先週、6月18日付朝日新聞(東京発行朝刊)に「谷川俊太郎さん『時代と切り結ぶ詩を』」という記事が載った。
昨年11月から詩、現代詩に興味を持つまで、名前だけでも知っている存命の詩人というのは本当に数えるほどだった。
その中のひとりが、谷川俊太郎だ。谷川に限らず、詩集というものをお金を出して買ったこともなかったが、僕の中では一番有名な詩人だった。
現在89歳、今年暮れに90歳を迎えるというお方で、今回の記事は朝日夕刊に連載していた詩が、単行本(版元は朝日新聞出版)化されるというタイミングでの宣伝をかねたインタビューである。
大詩人の言葉としては、ごく当たり前のことを語っているだけで、あまり内容のある記事ではない。あいにく谷川の朝日連載も掲載時には詩に興味がなかったので読んだ記憶はない。
北海道から沖縄まで発行される全国紙、地域(ブロック)紙、地方(県)紙に限らず、業界紙や同窓会紙など、新聞の体裁をとった印刷物で、読者投稿の歌壇、俳壇、川柳というのは一種欠かせない存在だ。
しかし、詩となるとそれを定期的に載せている新聞は少ないはず。産経が朝刊1面に読者による短い投稿詩「朝の詩」を長期掲載しているのを除けば、あまり知らない。

短歌、俳句、川柳に比べれば、詩はずっと長いし、妙に空白、改行が必要だったり、独りよがりの内容も現代詩の場合は多いから、新聞という媒体には合わないのだろう。

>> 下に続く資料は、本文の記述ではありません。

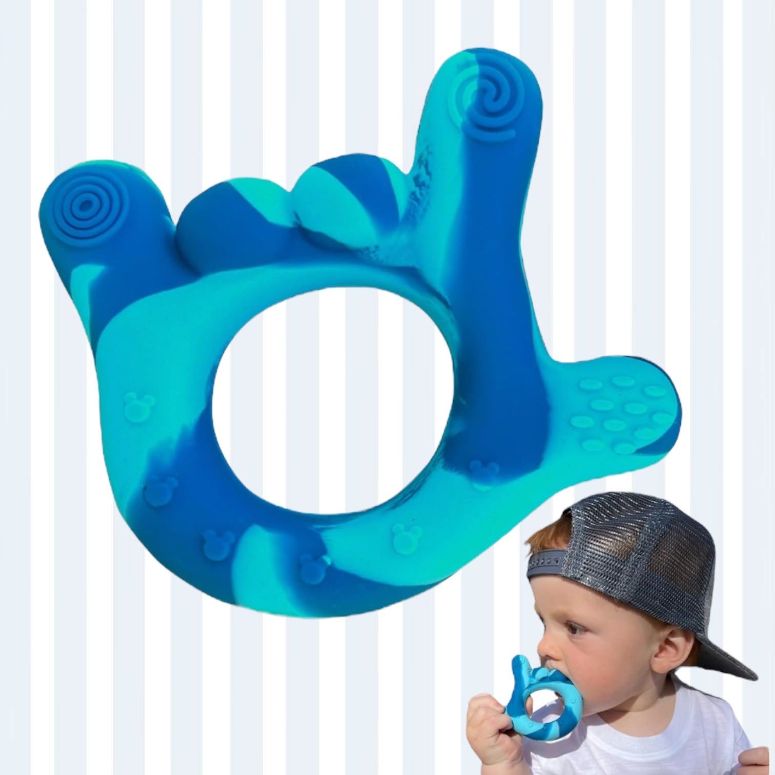 - π€ ππ’π π§ π¨π ππ¨π―π π’π§ πππ ππ§π πππ₯π¦π’π§π πππ¬π’π π§: Our teether is shaped like a chubby baby hand with fingers forming the "I love you" sign in sign language, creating a meaningful and adorable connection for your little one. Teaching your little one Baby Signs? This is perfect! Designed to mimic the ends of mom's fingers and short enough to be gag proof. This teether is thoughtfully designed to be easily grasped by small hands, promoting fine motor skills development for your growing baby. The color is soft and calming, just what is needed when a baby is teething.

その点、谷川俊太郎などは、まだ分かりやすい詩人だし、褒章、叙勲のたぐい、国家からの顕彰を受けていないような人だから、「朝日好み」の作家かもしれない。
これだけ名前と実績のある方でありながら、国家からの賞を受けていない、というのは立派な人、と思うのは僕だけかね。
月に一度ご指導を受けている、ゲイ術、いや芸術院会員の大先生なんかは、若い時には反体制的な詩も書かれているようだけど、ちゃっかり国から表彰されてるし、年金ももらっているし…。
改めて、谷川俊太郎、骨のある人だ、と思った次第。

タイトルは羊頭狗肉でした。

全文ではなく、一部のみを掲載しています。